"We're SECU!"
- Too impersonal - SECU members are treated as canon-fodder with little room for exceptions, nor for mercy - not what a credit union is about.
- There is no appeals process.
- Credit score lending is based on a false statistical model - correct at the "macro theory level", but unfair and abusive at the individual SECU member level.
- Pricing "for risk" substantially overcharges the vast majority of SECU members in the higher risk tiers, the majority of whom faithfully repay their SECU loans - always have!
- Risk-based pricing is an unnecessary subsidy for more affluent SECU members, who are also unnecessarily penalized by SECU's low savings rates.
- Charging regular SECU members higher loan rates - unjustly - increases the risk of loan default, discriminates on the base of age, race and gender, and has severely tarnished the reputation of SECU,
The threat which is now waiting to bite SECU - as a risk-based lender - on an indelicate part of its anatomy, is the concept of "disparate impact".
Disparate impact is anything a lender does which unfairly discriminates against a "class" of borrowers - like "tiered" SECU members!
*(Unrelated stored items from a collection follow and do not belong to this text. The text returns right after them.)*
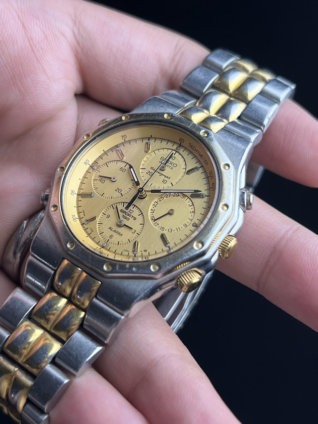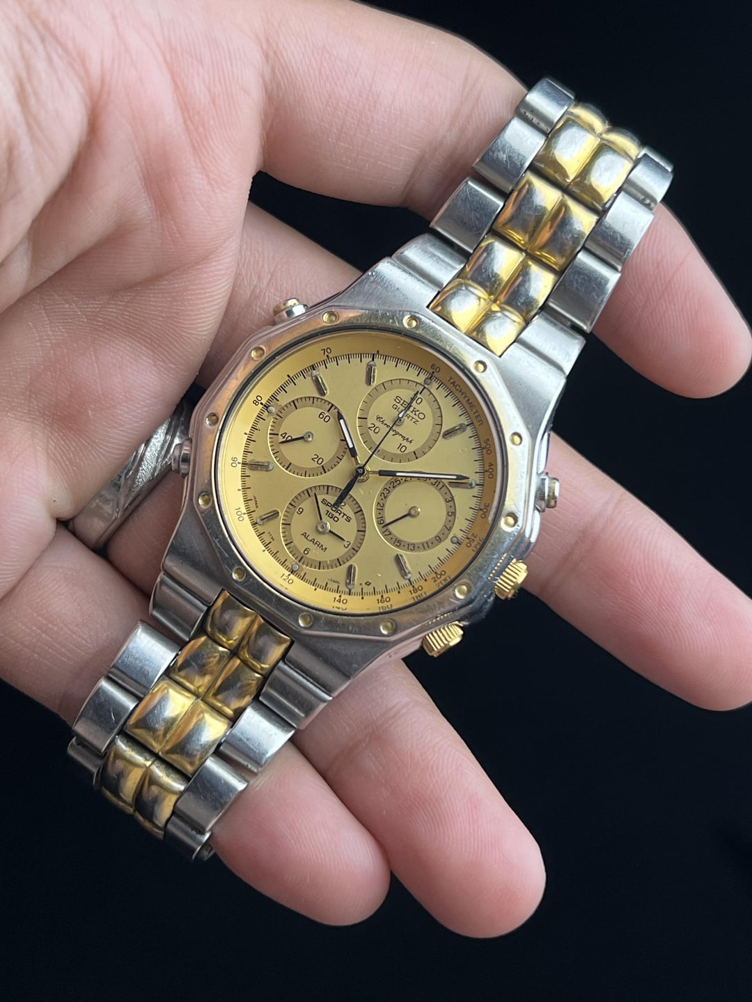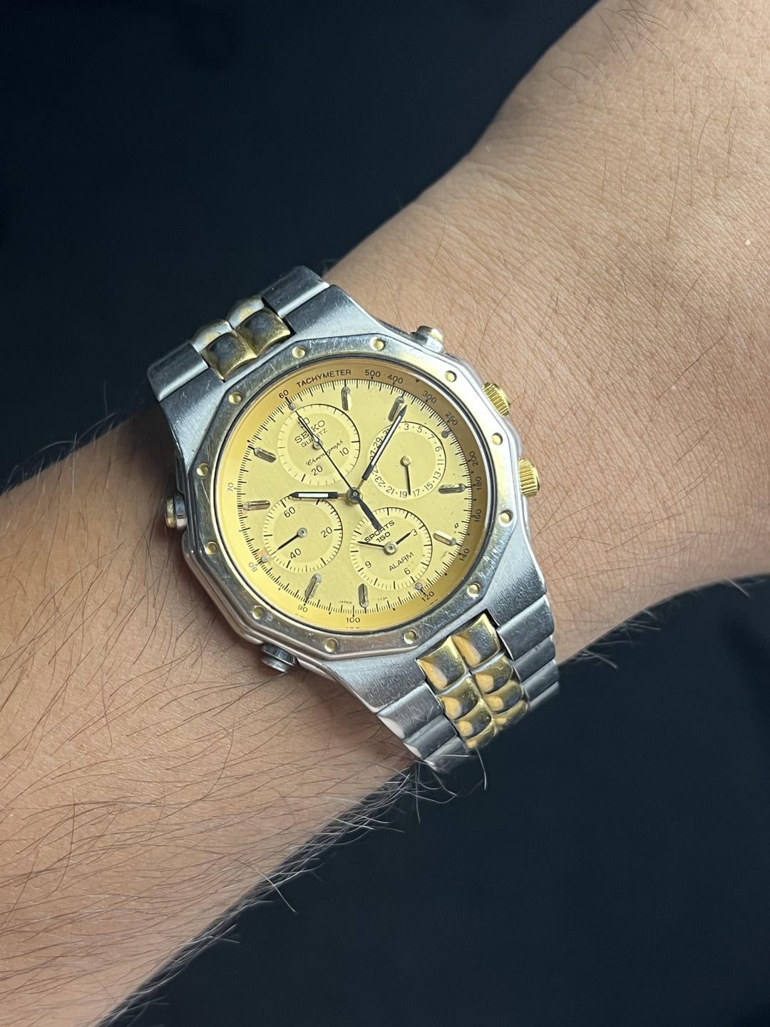Timestamp attached at the end. More custom timestamps available upon request. For Sale here is a Seiko Sports 150 Alarm Chronograph with a Champagne Dial. Case shaped like a Royal Oak, with a Case Diameter of 39mm without crown and 41mm with crown. Bracelet has full links. Priced aggressively low due to the visible fades on the bracelet and the bezel. Mint these go for double or more. Comes as watch only. USD $225 Shipped Worldwide via FedEx. Payment via Zelle, PayPal G&S (+5% at your end), and Crypto. Preference in that order. Thank you!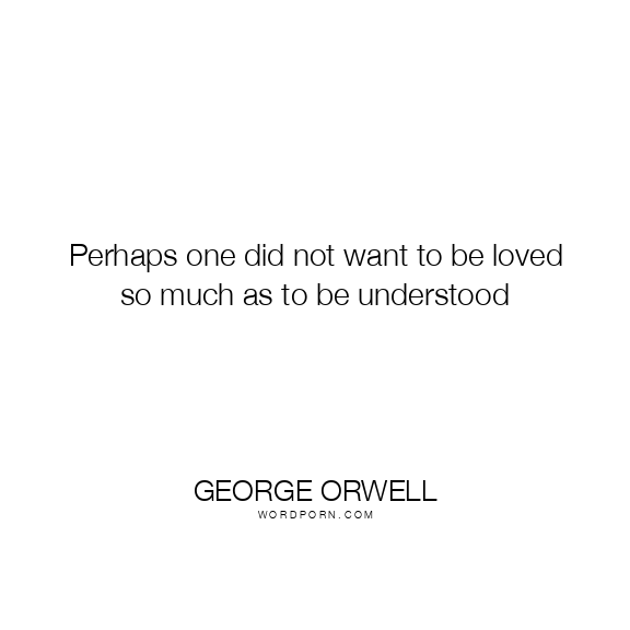 Perhaps one did not want to be loved so much as to be understood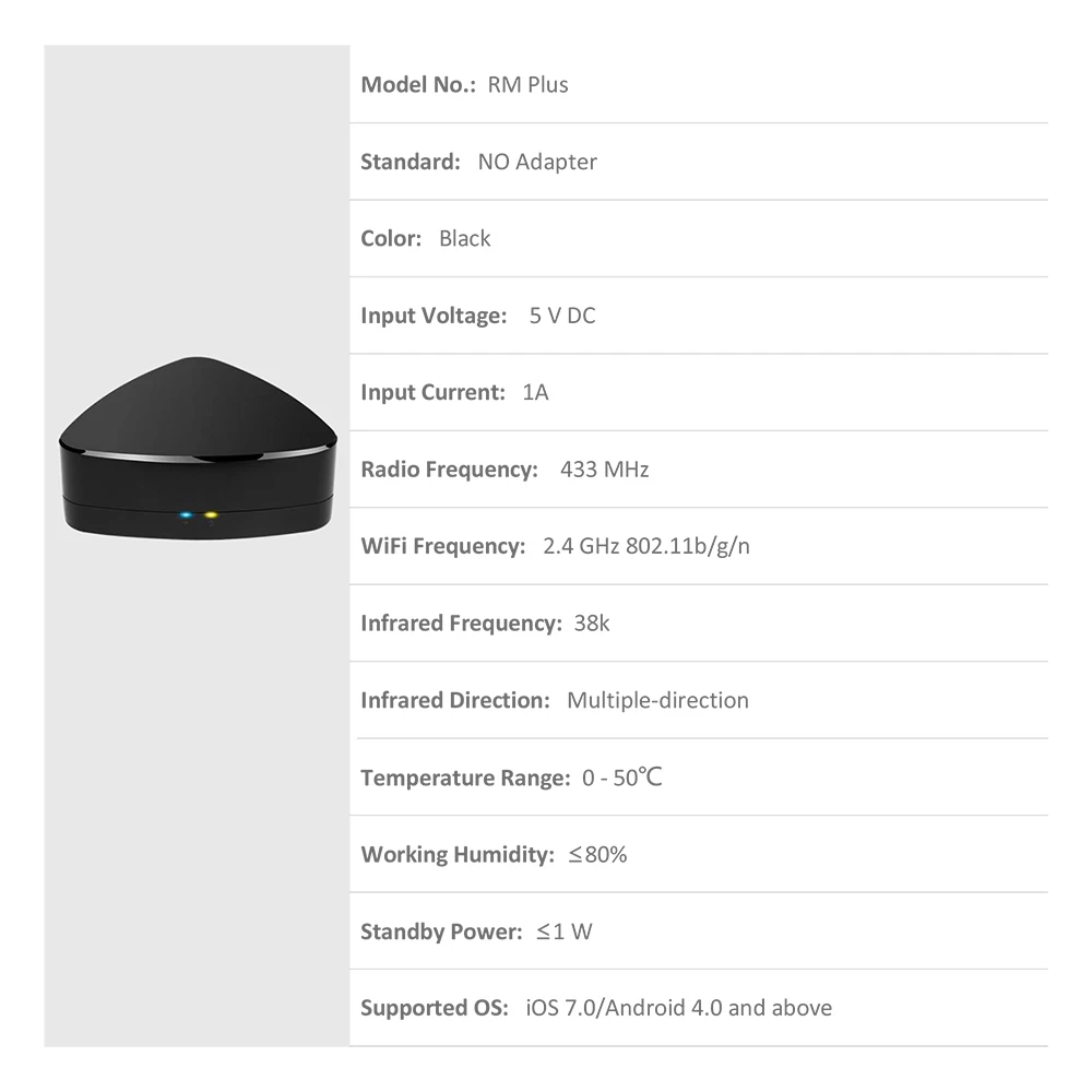 * Универсальное ИК-управление для бытовой техники, включая телевизор, кондиционер, ТВ-приставка и так далее.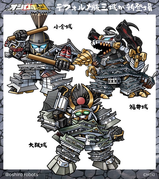 『城郭合体オシロボッツ』は、日本全国に存在する個性豊かで魅力的なお城を、“もしも実際のお城が巨大ロボットに変形&合体したら”という今まで無い新しい切り口で描くMIXI_ANIMEオリジナルコンテンツです。2022年12月に「熊本城」「高松城」「会津若松城」の3城のオシロボットと、3城が登場する大張正己監督によるショートアニメを発表しました。また、2023年3月、世界遺産・国宝「姫路城」の参城を皮切りに、「福山城」「名古屋城」「松本城」「岡山城」「備中松山城」「小田原城」「和歌山城」「津山城」「岸和田城」「島原城」「彦根城」のオシロボットを発表し、2025年には「広島城」「丸亀城」「五稜郭」「松江城」「大阪城」「小倉城」「福井城」を発表しました。今後も全国のお城からオシロボットが続々と誕生する予定です。

Whether intentional or not, if the lender - read SECU - is shown to have adversely penalized a class of borrowers; lawyers are going to make SECU cough up a whole lot of cash to make amends.
😎 How do you know SECU is intentionally or unintentionally discriminating with RBL? Because the SECU Board and CEO just publicly confessed! How so?
Well, SECU has now admitted that the 5-tier RBL system installed in 2023 did not work and overcharged SECU members.
So now, "The We" have come up with the "new, improved" less unfair and less discriminatory 3-tier system!!
..."less unfair and less discriminatory"?... time to get out the snafu checkbook - once again?